* **ASSIGNMENT**
Set down the data below exactly; pictures stay out.

* **DATA SECTION**
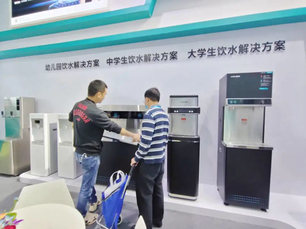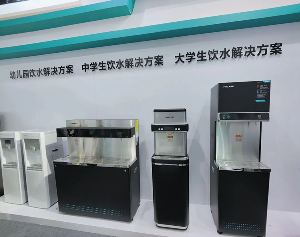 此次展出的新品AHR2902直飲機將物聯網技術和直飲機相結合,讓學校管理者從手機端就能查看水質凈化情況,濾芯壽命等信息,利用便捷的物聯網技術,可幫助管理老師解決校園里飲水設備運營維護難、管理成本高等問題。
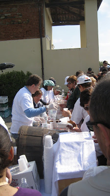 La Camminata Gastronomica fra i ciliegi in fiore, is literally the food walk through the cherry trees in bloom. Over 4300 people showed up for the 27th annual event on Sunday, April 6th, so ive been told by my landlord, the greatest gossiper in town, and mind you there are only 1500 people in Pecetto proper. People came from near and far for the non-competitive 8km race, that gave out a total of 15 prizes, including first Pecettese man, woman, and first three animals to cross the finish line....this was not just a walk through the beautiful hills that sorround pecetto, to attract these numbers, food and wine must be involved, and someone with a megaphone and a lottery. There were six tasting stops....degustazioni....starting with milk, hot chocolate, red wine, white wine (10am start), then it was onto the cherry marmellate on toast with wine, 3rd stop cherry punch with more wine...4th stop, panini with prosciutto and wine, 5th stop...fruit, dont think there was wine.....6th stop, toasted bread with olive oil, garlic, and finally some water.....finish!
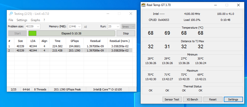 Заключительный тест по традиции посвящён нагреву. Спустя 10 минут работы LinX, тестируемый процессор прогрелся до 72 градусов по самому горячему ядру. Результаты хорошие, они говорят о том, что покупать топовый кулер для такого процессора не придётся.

* **SOLUTION TO THIS EXERCISE**
 此次展出的新品AHR2902直飲機將物聯網技術和直飲機相結合,讓學校管理者從手機端就能查看水質凈化情況,濾芯壽命等信息,利用便捷的物聯網技術,可幫助管理老師解決校園里飲水設備運營維護難、管理成本高等問題。
 La Camminata Gastronomica fra i ciliegi in fiore, is literally the food walk through the cherry trees in bloom. Over 4300 people showed up for the 27th annual event on Sunday, April 6th, so ive been told by my landlord, the greatest gossiper in town, and mind you there are only 1500 people in Pecetto proper. People came from near and far for the non-competitive 8km race, that gave out a total of 15 prizes, including first Pecettese man, woman, and first three animals to cross the finish line....this was not just a walk through the beautiful hills that sorround pecetto, to attract these numbers, food and wine must be involved, and someone with a megaphone and a lottery. There were six tasting stops....degustazioni....starting with milk, hot chocolate, red wine, white wine (10am start), then it was onto the cherry marmellate on toast with wine, 3rd stop cherry punch with more wine...4th stop, panini with prosciutto and wine, 5th stop...fruit, dont think there was wine.....6th stop, toasted bread with olive oil, garlic, and finally some water.....finish!
 Заключительный тест по традиции посвящён нагреву. Спустя 10 минут работы LinX, тестируемый процессор прогрелся до 72 градусов по самому горячему ядру. Результаты хорошие, они говорят о том, что покупать топовый кулер для такого процессора не придётся.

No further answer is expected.